### Records
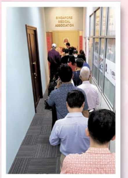
The queue extended all the way outside the SMA secretariat office!

SMA played its part in the growing COVID-19 crisis in its own way! To help front line healthcare workers, SMA procured N95 and surgical masks for sale to Members to ensure they are sufficiently equipped to handle any potential cases. A few weeks later, in collaboration with the Temasek Foundation, SMA was mobilised again to assist with dispensing hand sanitiser for registered medical/dental clinics as well as SMA Members.
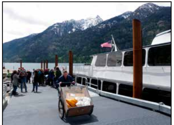
Application: Ferry Boat Access Product: Safe-T-Span Pultruded Grating
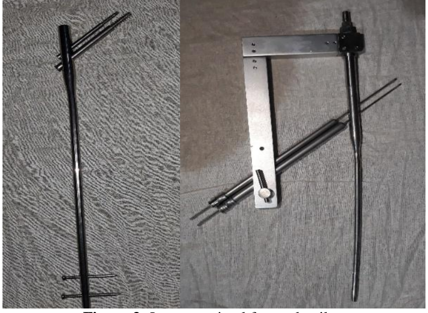
Figure 3: Long proximal femoral nail
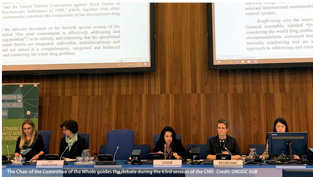
The Chair of the Committee of the Whole guides the debate during the 63rd session of the CND

The final paragraphs to be agreed generated some debate, particularly regarding language surrounding welcoming the UN Toolkit on Synthetic Drugs and the UNODC's Opioid Strategy, and the importance of the INCB's global communications platforms 28 (See Preambular Paragraph – PP – 14). Alternate proposals had been suggested by the Russian Federation, Canada and Mexico, with Russia's proposed language seen by others as 'tight' as it focussed on giving instructions to the INCB and highlighting the collaboration between the UNODC and the INCB, whilst Canada's text was focused more on coordination between authorities. Much time was consequently devoted to the use of the words 'coordination',
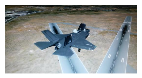
X-Plane F-35 Figure 1

Test team members unfamiliar with aircraft can gain needed experience learning the basics of flight with Technically Speaking Instructors and using an X-Plane simulator similar to Figure 4.
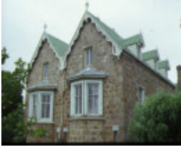
1 coriyule homestead drysdale side view of homestead
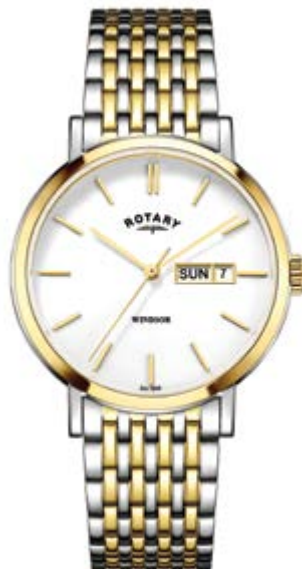
GB05301/01 Ø 37 mm
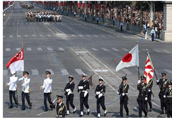
A parade in Paris in 2018 (a Ground Self-Defense Force unit with a Singaporean unit)
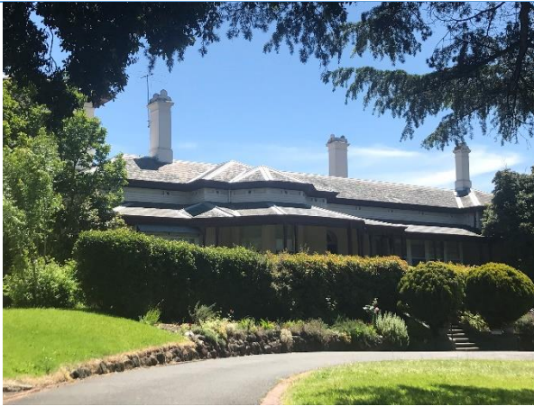
View from the entrance of the residence and driveway (source: Extent Heritage Pty Ltd, 2021).
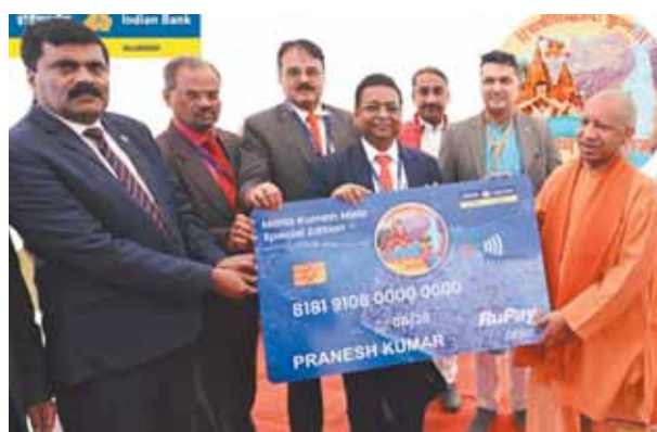
Indian Bank has come up with Mahakumbh Special Edition ATM debit cards. The Special Edition ATM debit card was unveiled on Friday by Chief Minister Yogi Adityanath in Prayagraj.
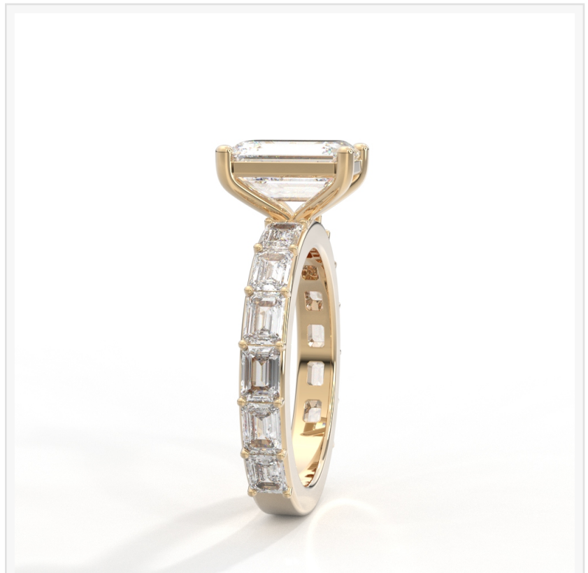
The Jewelers Coin & Loan Co. side perspective view crafting a 4ct emerald-cut diamond ring in 18k yellow gold with petite claw prongs

"Creating the perfect engagement ring is more than just choosing a diamond—it's about celebrating a shared vision. Communication is key with your significant other," says Venice. "Ask questions—lots of them. Discuss preferences about color, design style, shapes, engraving, metal types, and how the ring complements other jewelry already owned. Explore favorite brands, design inspirations, and lifestyle considerations together. Make it fun—try on different styles, share photos, and let your personalities shine through. The more open the conversation, the more meaningful and personal the final creation becomes. After all, designing an engagement ring should be an exciting and joyful experience that reflects your story as a couple."
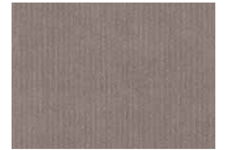
180ST/38265 pewter strand
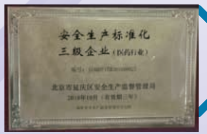
斯貝福獲認定為 「安全生產標準化三級企業」 SPF be recognised as "Safety Production Standardization Level Three Enterprise*"
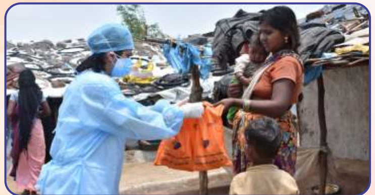
Distributing Covid-19 kits comprising of Face Mask, Sanitizer, Soap and Napkin to slum dwellers explaining its significance to avoid Covid-19 infection

He, who struggles, is better than he who never attempts.
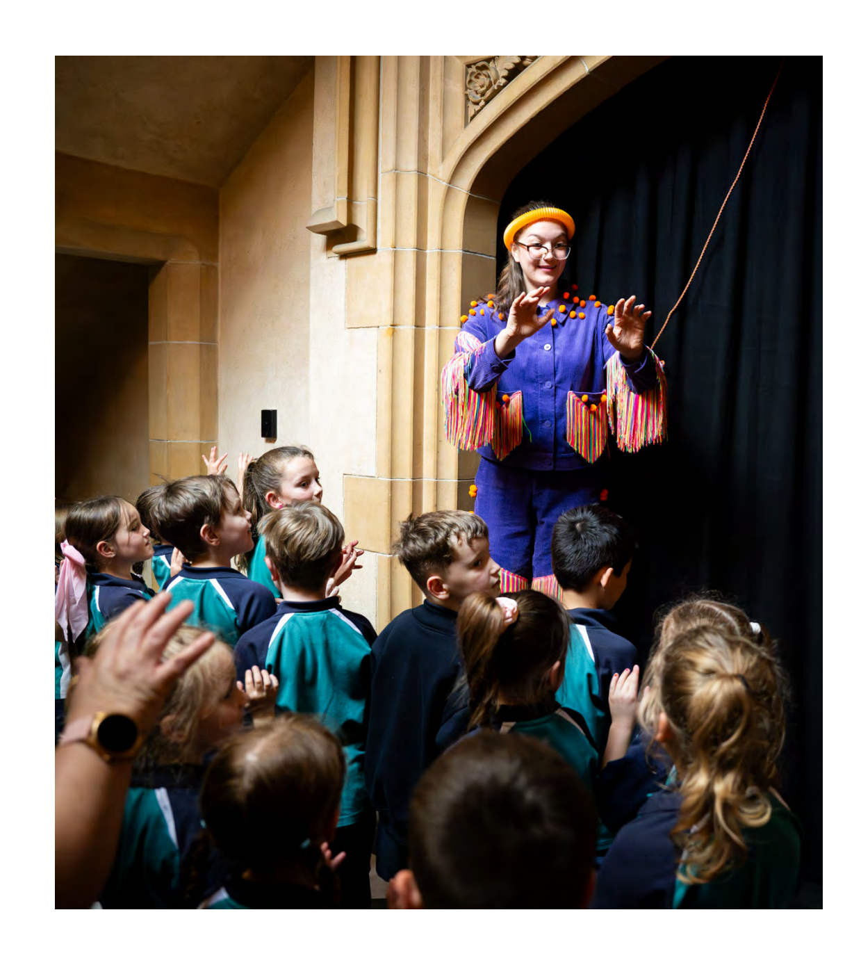
Image description: A group of children watching and listening to a person wearing a colourful costume.

I will listen to the performer who will let me know what to do.
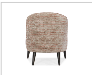
Fabric shown: MH029-53 Toby Cipria Finish: Perk

Finish Construction: M utilizes a multiple-step finish process of up to 16 finish steps. This results in an unsurpassed clarity, depth and color
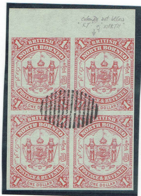
Lithographed : Blades, East & Blades Engraved : T. Macdonald
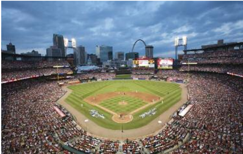
In 2009 the Cardinals and Busch Stadium hosted the MLB All-Star Game, the first time St. Louis had hosted the mid-summer classic since 1966.
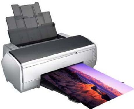
Epson Stylus Photo R2400
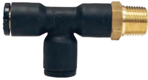
tube to tube to male NPT
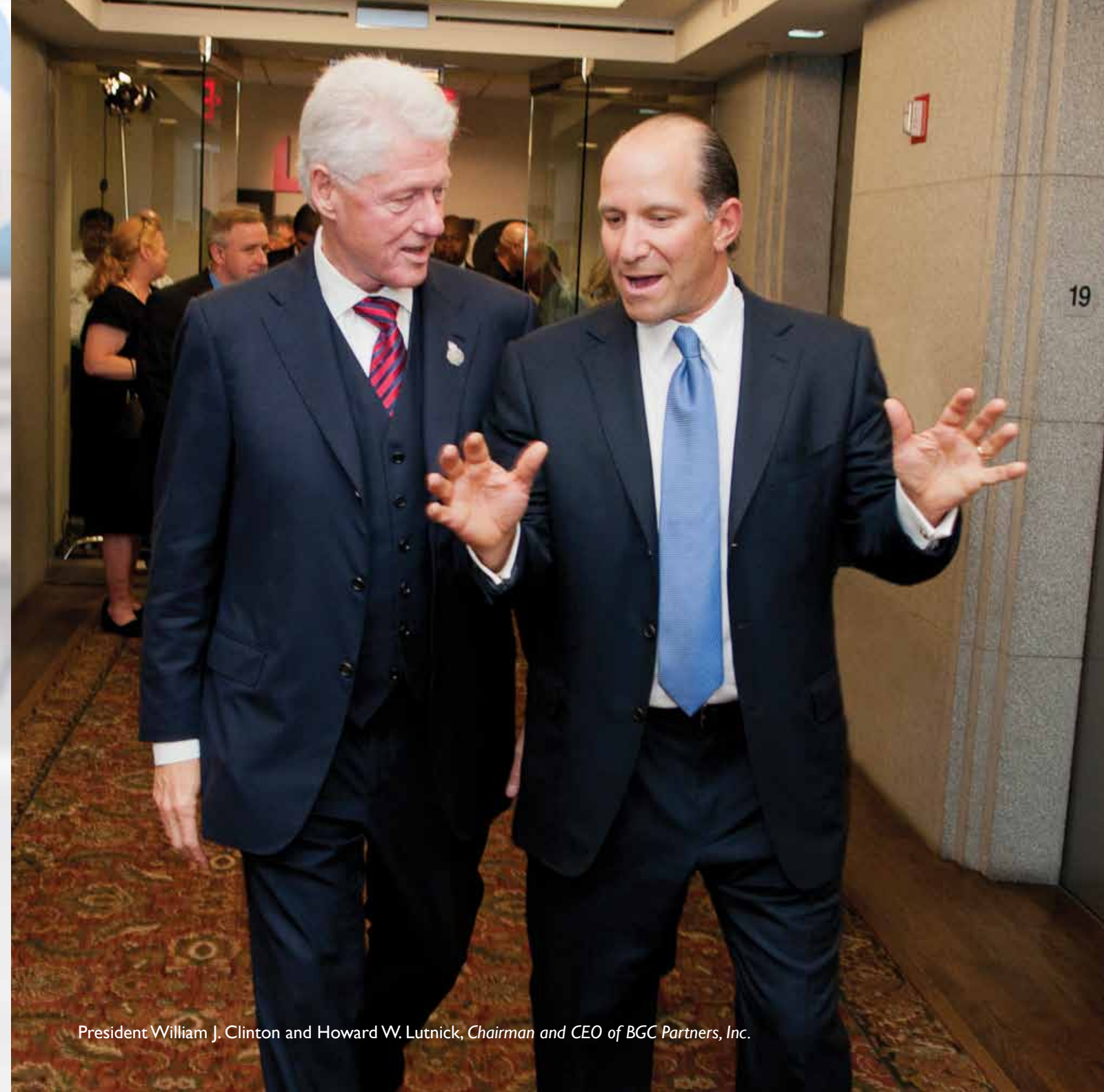
President William J. Clinton and Howard W. Lutnick, Chairman and CEO of BGC Partners, Inc.

### How to complete this task
Transcribe the whole listing, character for character, but not its images.

### Solution below
The queue extended all the way outside the SMA secretariat office!

SMA played its part in the growing COVID-19 crisis in its own way! To help front line healthcare workers, SMA procured N95 and surgical masks for sale to Members to ensure they are sufficiently equipped to handle any potential cases. A few weeks later, in collaboration with the Temasek Foundation, SMA was mobilised again to assist with dispensing hand sanitiser for registered medical/dental clinics as well as SMA Members.
Application: Ferry Boat Access Product: Safe-T-Span Pultruded Grating
Figure 3: Long proximal femoral nail
The Chair of the Committee of the Whole guides the debate during the 63rd session of the CND

The final paragraphs to be agreed generated some debate, particularly regarding language surrounding welcoming the UN Toolkit on Synthetic Drugs and the UNODC's Opioid Strategy, and the importance of the INCB's global communications platforms 28 (See Preambular Paragraph – PP – 14). Alternate proposals had been suggested by the Russian Federation, Canada and Mexico, with Russia's proposed language seen by others as 'tight' as it focussed on giving instructions to the INCB and highlighting the collaboration between the UNODC and the INCB, whilst Canada's text was focused more on coordination between authorities. Much time was consequently devoted to the use of the words 'coordination',
X-Plane F-35 Figure 1

Test team members unfamiliar with aircraft can gain needed experience learning the basics of flight with Technically Speaking Instructors and using an X-Plane simulator similar to Figure 4.
1 coriyule homestead drysdale side view of homestead
GB05301/01 Ø 37 mm
A parade in Paris in 2018 (a Ground Self-Defense Force unit with a Singaporean unit)
View from the entrance of the residence and driveway (source: Extent Heritage Pty Ltd, 2021).
Indian Bank has come up with Mahakumbh Special Edition ATM debit cards. The Special Edition ATM debit card was unveiled on Friday by Chief Minister Yogi Adityanath in Prayagraj.
The Jewelers Coin & Loan Co. side perspective view crafting a 4ct emerald-cut diamond ring in 18k yellow gold with petite claw prongs

"Creating the perfect engagement ring is more than just choosing a diamond—it's about celebrating a shared vision. Communication is key with your significant other," says Venice. "Ask questions—lots of them. Discuss preferences about color, design style, shapes, engraving, metal types, and how the ring complements other jewelry already owned. Explore favorite brands, design inspirations, and lifestyle considerations together. Make it fun—try on different styles, share photos, and let your personalities shine through. The more open the conversation, the more meaningful and personal the final creation becomes. After all, designing an engagement ring should be an exciting and joyful experience that reflects your story as a couple."
180ST/38265 pewter strand
斯貝福獲認定為 「安全生產標準化三級企業」 SPF be recognised as "Safety Production Standardization Level Three Enterprise*"
Distributing Covid-19 kits comprising of Face Mask, Sanitizer, Soap and Napkin to slum dwellers explaining its significance to avoid Covid-19 infection

He, who struggles, is better than he who never attempts.
Image description: A group of children watching and listening to a person wearing a colourful costume.

I will listen to the performer who will let me know what to do.
Fabric shown: MH029-53 Toby Cipria Finish: Perk

Finish Construction: M utilizes a multiple-step finish process of up to 16 finish steps. This results in an unsurpassed clarity, depth and color
Lithographed : Blades, East & Blades Engraved : T. Macdonald
In 2009 the Cardinals and Busch Stadium hosted the MLB All-Star Game, the first time St. Louis had hosted the mid-summer classic since 1966.
Epson Stylus Photo R2400
tube to tube to male NPT
President William J. Clinton and Howard W. Lutnick, Chairman and CEO of BGC Partners, Inc.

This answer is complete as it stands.